Home VMware Takes On Amazon—Again—With New Hybrid Cloud Service

VMware Takes On Amazon—Again—With New Hybrid Cloud Service

VMware just upped the ante against Amazon’s dominant cloud business by announcing the general availability of its vCloud Hybrid Service, part of its big push towards completely automated and virtualized data centers—i.e., ones that require far less oversight and which provide computing services that are largely independent of the underlying hardware and software.

The new service is a full-fledged “infrastructure as a service” public cloud that will take on the likes of Amazon Web Services, IBM SmartCloud, Rackspace and HP Cloud. IT managers might raise their eyebrows at yet another public-cloud offering, but this one has some serious potential, given VMware’s strong place in the virtualization sector. (What’s virtualization again? See here.)

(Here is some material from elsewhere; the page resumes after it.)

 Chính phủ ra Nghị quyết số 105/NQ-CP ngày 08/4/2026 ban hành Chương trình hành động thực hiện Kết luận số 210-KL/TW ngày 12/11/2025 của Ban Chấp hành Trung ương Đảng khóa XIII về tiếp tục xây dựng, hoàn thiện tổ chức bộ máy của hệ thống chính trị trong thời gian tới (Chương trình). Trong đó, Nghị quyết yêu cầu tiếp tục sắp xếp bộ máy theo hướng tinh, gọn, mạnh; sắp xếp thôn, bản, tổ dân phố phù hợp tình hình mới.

But will it be enough to save VMware, let alone fend off the likes of Amazon Web Services and OpenStack?

VMWare Wants To Virtualize You Into The Cloud

See also: AWS Vs. VMware vs. OpenStack: And The Cloud Winner Is…

Here’s what vCloud Hybrid Service has going for it: VMware currently holds a 60% market share in the server virtualization marketplace, which is nothing to sneeze at. VMware is essentially counting on its base in virtualization to bootstrap its existing customers into the new cloud service.

The cloud, after all, is basically still a collection of virtualized servers, albeit with management software with different features. Migrating to the cloud is not as simple as flipping a switch, because of the differences in management software. That’s the big benefit VMware claims for the hybrid service—any VMware customer can supposedly expand into the public cloud seamlessly when they need to.

See also: VMware: “If Amazon Wins, We All Lose”

This is all part of VMware’s software defined data center strategy, which aims to give IT departments flexibility to configure their data centers and clouds. This is not just virtual servers coming and going as needed in an elastic cloud. Software-defined virtual networking is also part of this broader strategy.

With VMware’s hybrid cloud service, software-defined means if you want to run your applications behind a firewall on a private cloud, you’re more than welcome to do so—but feel free to expand into the public cloud with little fuss whenever you need. That’s what makes this setup a “hybrid.” 

The Software Defined Data Center

See also: Software-Defined Networking (SDN): What It Is, How It Works, Why It Matters

VMware is not just stopping at networking when they talk about virtualization. It also wants to expand virtualization to storage and IT management tools as well.

With this reliance on a software-defined infrastructure, VMware will need to expose much of its controls beyond the usual cadre of IT administrators: software-defined anything means that developers will have to get more involved. This means a much-more DevOps-centric focus for VMware. Little surprise, then, in VMware’s $30 million investment in popular DevOps vendor Puppet Labs back in January and the presence of a lot of DevOps companies on the VMworld conference going on this week in San Francisco.

Dark Skies On The Horizon

See also Puppet Labs Takes $30 Million VMware Investment – Some Strings Attached?

As attractive as VMware’s hybrid service might be to its existing customers, it’s not going to be a cakewalk. First, there’s the problem of all the other hypervisors.

In recent years, VMware’s customers have grown restless being constrained to the VMware way of doing things. For one, when customers want to run their software with a virtualized environment, they can fire up the requisite virtual servers and run applications on the guest software. But to take real advantage of virtual machine control, developers have to get their software talking to the underlying hypervisor level.

The hypervisor is the layer that actually hold the containers of virtual machines. In the VMware ecosystem, that means VMware ESX and ESXi, and applications should be configured to talk to ESX or any software that manages the hypervisor.

But IT shops that run Linux may also want to use KVM or Xen as their hypervisors and Microsoft users will be attracted to Microsoft’s own Hyper-V. In fact, depending on how an application was developed and the costs involved, workloads in a datacenter could be running on multiple hypervisors.

See also IDC: Virtualization’s March To Cloud Threatens VMware

That poses a problem for VMware: they’re counting on their existing customers having a homogeneous hypervisor environments.

Another hurdle: It’s not just legacy apps from existing virtual systems that are getting pushed out to the cloud—new apps are being coded for the cloud all of the time. VMware also needs to attract developers to build those new apps on their platform. But remember those DevOps coders? They tend to be much more interested in open source toolsets that are fast and less encumbered with licensing overhead. (And their managers have little love for spending more for VMware licenses, unless there’s a darn good reason.)

Still, existing VMware customers are a force to be reckoned with, and even if some are restless, they may be committed to VMware tools for one reason or another. If VMware can hold on to them, then the vCloud Hybrid Service will be a strong force of its own in the public cloud sector.